Semidefinite Programming Quick notes
Conic Programming
Conic optimization is a subfield of convex optimization that studies problems consisting of minimizing a convex function over the intersection of an affine subspace and a convex cone.
convex cone: In linear algebra, a cone—sometimes called a linear cone to distinguish it from other sorts of cones—is a subset of a real vector space that is closed under positive scalar multiplication That is \(C\) is a cone if \(x\in C\) implies \(s x \in C\) for every \(s>0\).
- A convex cone is a cone that is also closed under addition, or, equivalently, a subset of a vector space that is closed under linear combinations with positive coefficients. It follows that convex cones are convex sets.

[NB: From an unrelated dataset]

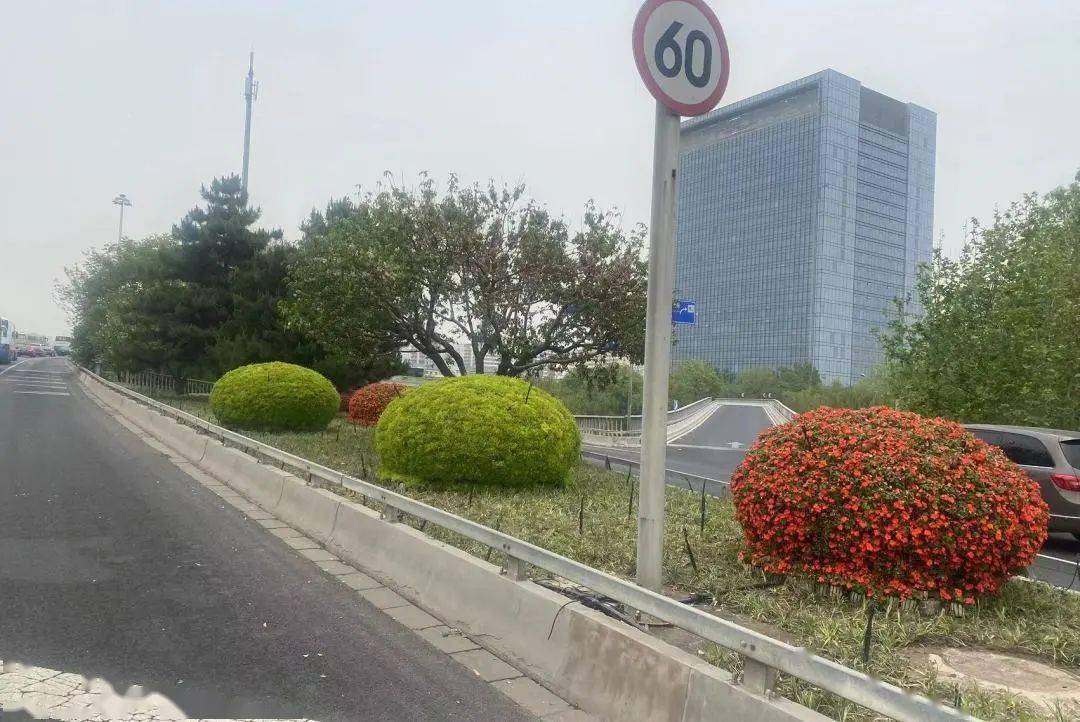 通过花球的立体色彩骨架点缀,与地面平面花卉材料融合,形成高低错落的特色花卉景观。在城市重要道路二环路(天宁寺桥)、三环路(马甸桥)等4处绿地内,以点缀56个椭圆型花球小品结合地栽花卉形成“绚丽花带”。

- The conical hull of a set \(C\) is defined as the smallest convex cone that contains \(C \cup \{0\}\). Therefore, it need not be the smallest cone that contains \(C \cup \{0\}\).
The class of conic optimization problems includes some of the most well known classes of convex optimization problems, namely linear and semidefinite programming.
Definition
Given a real vector space X, a convex, real-valued function:
\(f \colon C \mapsto \mathbb{R}\) defined on a convex cone \(C \subset X\), and an affine subspace \(\cal{H}\) defined by a set of affine constraints \(h_i (x) =0\), a conic optimization problem is to find the point \(x \in C \cap \cal{H}\) for which the number \(f(x)\) is minimized.

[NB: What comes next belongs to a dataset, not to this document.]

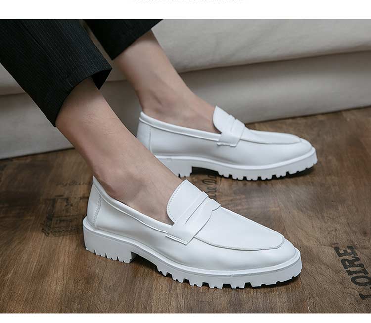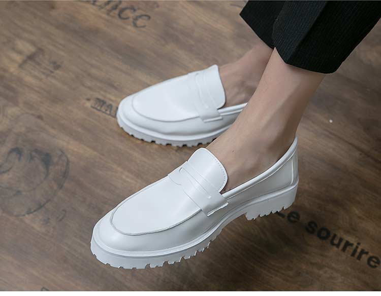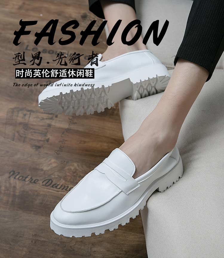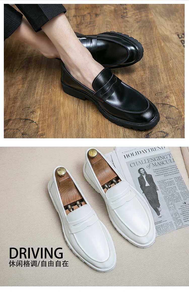 尖头休闲皮鞋男士商务正装懒人夜店发型师豆豆鞋男英伦白色潮鞋子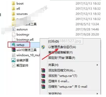 2.解压完成后,鼠标右击“setup”,选择“以管理员身份运行”。

- Example of \(C\) include the positive orthant \(\mathbb{R}_+^n \colon =\{x \in \mathbb{R}^n \colon x \geq 0\}\), positive semidefinite matrices \(\mathbb{S}_+^n\).
- Often \(f\) is a linear function, in which case the conic optimization problem reduces to a linear program, a semidefinite program, respectively.
Semidefinite Programming
Semidefinite programming (SDP) is a subfield of mathematical programming concerned with the optimization of a linear objective function (a user-specified function that the user wants to minimize or maximize) over the intersection of the cone of positive semidefinite matrices with an affine space, i.e., a spectrahedron.
- A spectrahedron is a shape that can be represented as a linear matrix inequality.
Initial motivation
In semidefinite programming, we use real-valued vectors and are allowed to take the dot product of vectors with semi-definiteness constraints on matrix variables.
\[\min_{x^1, ... , x^n \in \mathbb{R}^n} \sum_{i,j \in [n]} c_{i,j} (x^i \cdot x^j)\] \[\text{subject to } \sum_{i,j \in [n]} a_{i,j,k} (x^i \cdot x^j) \leq b_k \quad \forall k.\]Equivalent formulations
Use the gram matrix of some vectors \(X \colon = [x^i \cdot x^j]\). We can rewrite the mathematical program given in the previous section equivalently as:
\[\min_{X\in \mathbb{S}^n} \langle C, X\rangle\] \[\text{subject to } X \succeq \mathbf{0}, \langle A_k, X\rangle \leq b_k \quad \forall k.\]Duality Theory
Analogously to linear programming, given a general SDP of the form
\[\min_{X\in \mathbb{S}^n} \langle C, X\rangle\] \[\text{subject to } X \succeq \mathbf{0}, \langle A_k, X\rangle \leq b_k \quad \forall k.\](The primal problem of P-SDP), we define the dual semidefinite program (D-SDP) as
\[\max_{y \in \mathbb{R}^n} b^\top y\] \[\text{subject to } \sum_{i = 1}^m y_i A_i \preceq C.\]- Weak duality always holds, which means any feasible solution to the dual SDP lower-bounds the primal SDP value, and conversely, any feasible solution to the primal SDP upper-bounds the dual SDP value.
- Strong Duality doens’t hold always, which differs from the LP(linear programming). A sufficient condition for strong duality is the Slater’s condition.